The motor raced away. And Lockley got out on the highway only in time to see the rear of a brown-painted, military-marked car some three hundred yards away. It swept around a curve of the highway and was gone. It was going through the space where the road was blocked by a terror beam, headed obviously for Boulder Lake.

What had happened was self-evident. From her place beside the huge stump she'd seen a military car approaching.

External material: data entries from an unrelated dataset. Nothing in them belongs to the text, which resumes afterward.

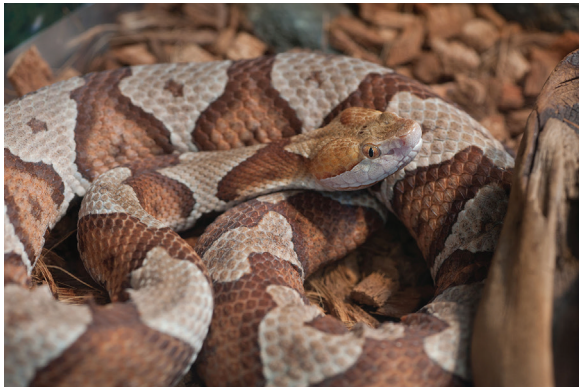
Copperheads eat a wide variety of animals including mice, birds, small reptiles and amphibians.

Woodlands may already be home to birds, bats, snakes, salamanders, turkeys, white-tailed deer, and many other types of wildlife. But how can woodlands be improved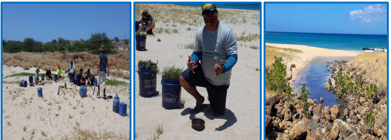
Photos Above: Native planting with volunteers continues in the Honokanai'a wetland area.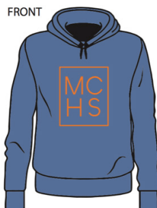
MC HS Hoodie Blue Gildan Heather Sport Royal

Hoodies are pre-order only. Forms will be available at schedule pick-up.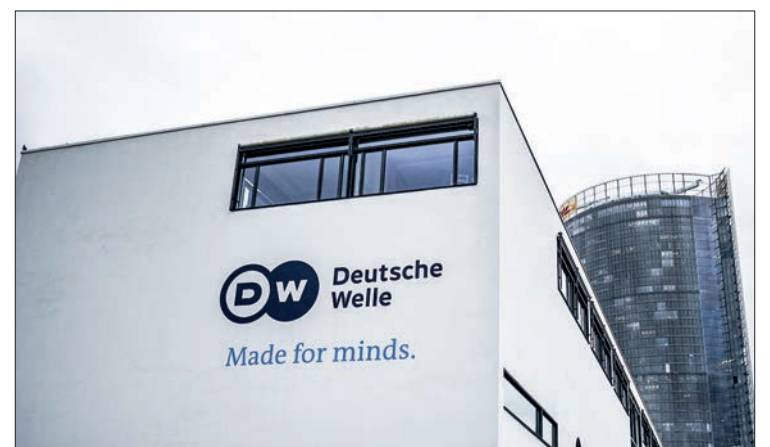
A picture shows the logo of German international broadcaster Deutsche Welle (DW) on a wall at their head office in Bonn, western Germany, on 8 February 2022.

On Friday, both news portals were inaccessible in Türkiye without the use of VPN technology that hides users' location.—AFP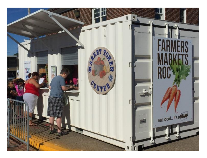
The Market Token Center, custom-fabricated from a repurposed shipping container, is right behind the Market Office building.

Some have said that one of the reasons for the success of this program is the high levels of poverty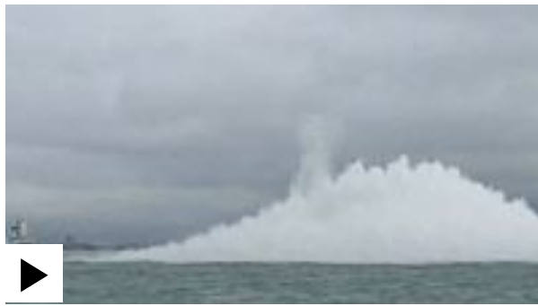
Watch World War II German sea mine being blown up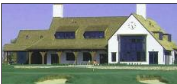
Golf Club of Dublin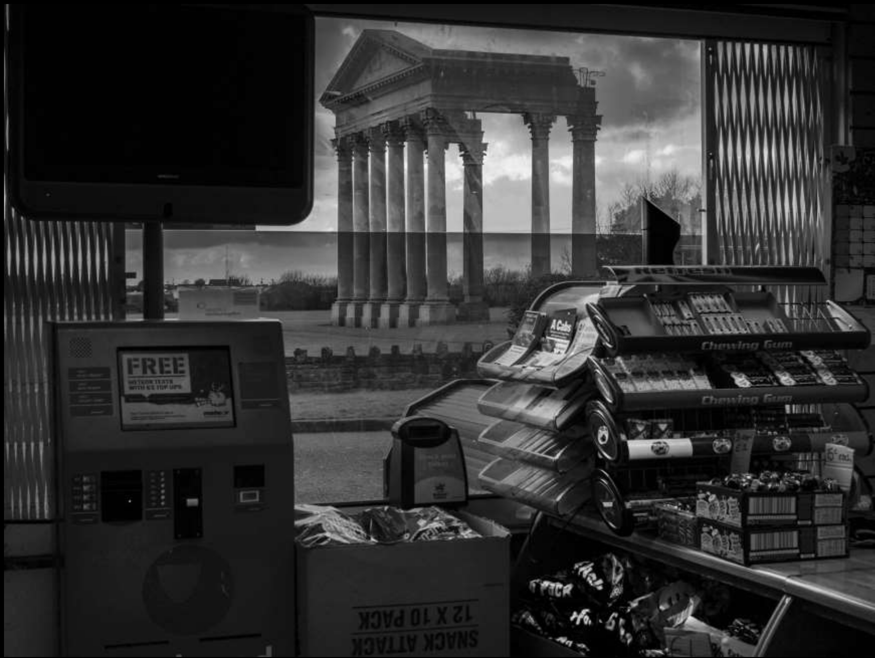
Kenure House through the window of Rickard's Delicatessen, Rush, County Dublin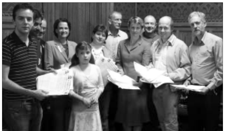
Giving the Government Housing Minister (4th from the right) the first 1,000 signatures

Working together we've been able to speak directly to the ear of Government about Islington's housing crisis. The Minister received the first 1,000 supporting signatures in October, and as more people join the campaign, I'm sending her their signatures.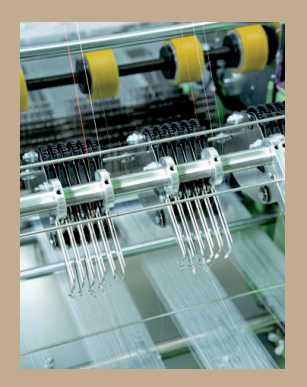
Grouped weft compensation

The NFMJ MC T/S/SS is another innovation based on the latest modular narrow fabric needle loom generation of NFM®, equipped with the electronically controlled Jacquard devices SPE3M 192, SPE3M 384 and SPE3M 768. The machine is designed for the production of multicolored labels, trimmings and name tapes. The NFMJ MC T/S/SS "Made in Switzerland" represents a synonym for effectiveness, cost-efficiency, operational safety and is designed for the production of multicolored labels, trimmings and name tapes with woven, soft edge in weft effect.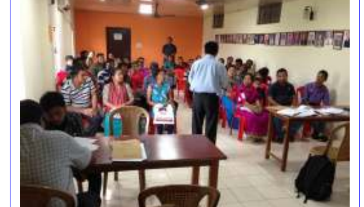
A view of the interaction-session organised by RC Imphal on 30 July with parents of GOL children to plan their journey to Delhi in August 2015 for open heart surgery.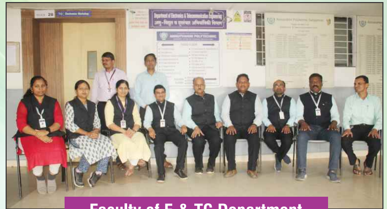
Faculty of E & TC Department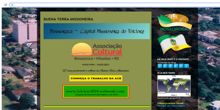
Figura 01: ACB's blog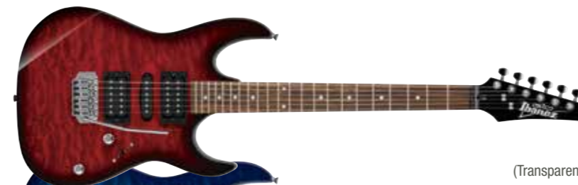
TRB (Transparent Red Burst)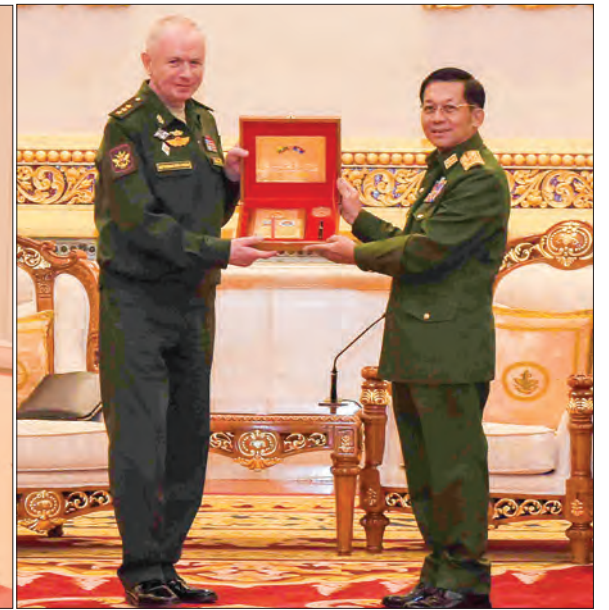
The Senior General presents the honorary medal to Russian Deputy Minister for Defence.

corrupt politics were shaped in the 2020 election so as to grasp the power of the State in unfair ways. That is why the Tatmadaw assumed State responsibility. The Tatmadaw is taking responsibilities in a short time to ensure genuine democracy and disciplined and endured democracy. After restoring peace and stability, Myanmar will be placed on track of democracy to become a peaceful, stable, disciplined democratic country.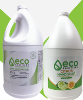
Hand Sanitizer Gel Citrus Hand Soap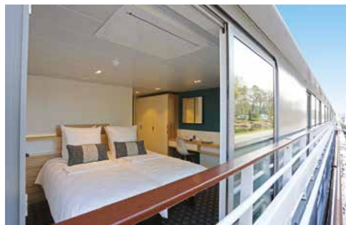
Upper Deck Cabin with French Balcony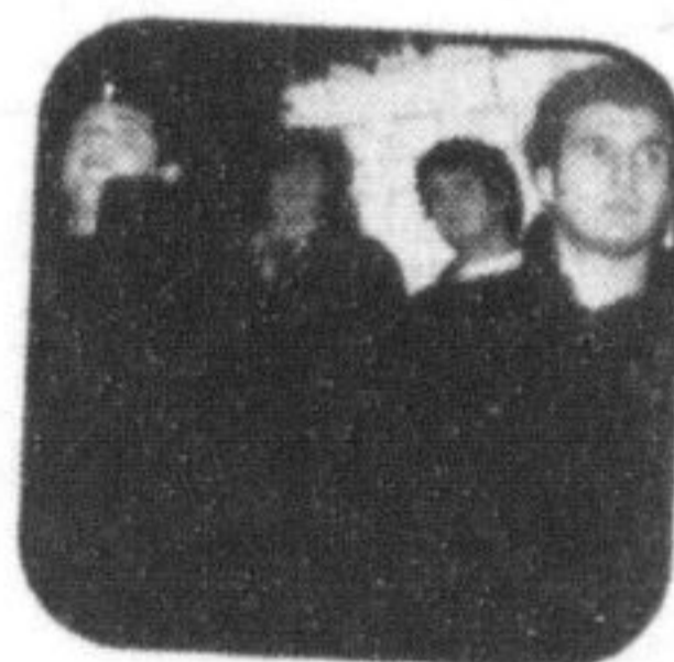
THE RANDALLS Sunday, June 29th

Racing starts at 7:30 p.m., complete concert listings are available at www.WoodbineEntertainment.com .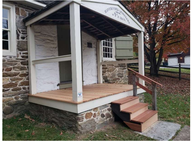
Federal School with new steps

This spring, Haverford Township School District's fourth graders will be engaged in a full-day, activity filled program at the Federal School. Begun in 1972, this adventure brings a fourth grade class into the Federal School as imaginary students in 1849. Under the direction of costumed teachers, the children practice writing with period ink and pens, create their own books, learn the names (in chronological order) of the American presidents, complete arithmetic assignments, use period toys during recess times, and read from the McGuffey Reader. As students engage in these activities, they are asked to compare their experiences as students with the expectations for students in the mid-1800s, as well as the consequences for not following these rules.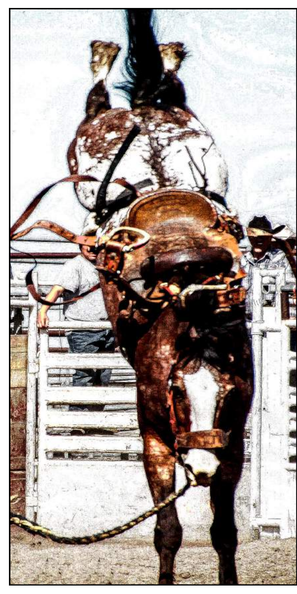
Could Have Been 80, 2013 Digital Photograph

And she and Lockley had been trying to reach the cordon of troops around Boulder Lake. There was no reason to distrust men in uniform or in a military car. She'd run to flag it down. She had. By a coincidence, it was undoubtedly where a carload of collaborating humans would have stopped to have the road-blocking beam cut off by their monster allies. She'd approached the stopped car. And something frightened her. She screamed.

But she'd been pulled into the car, which went on before the beam could come on again to stop it.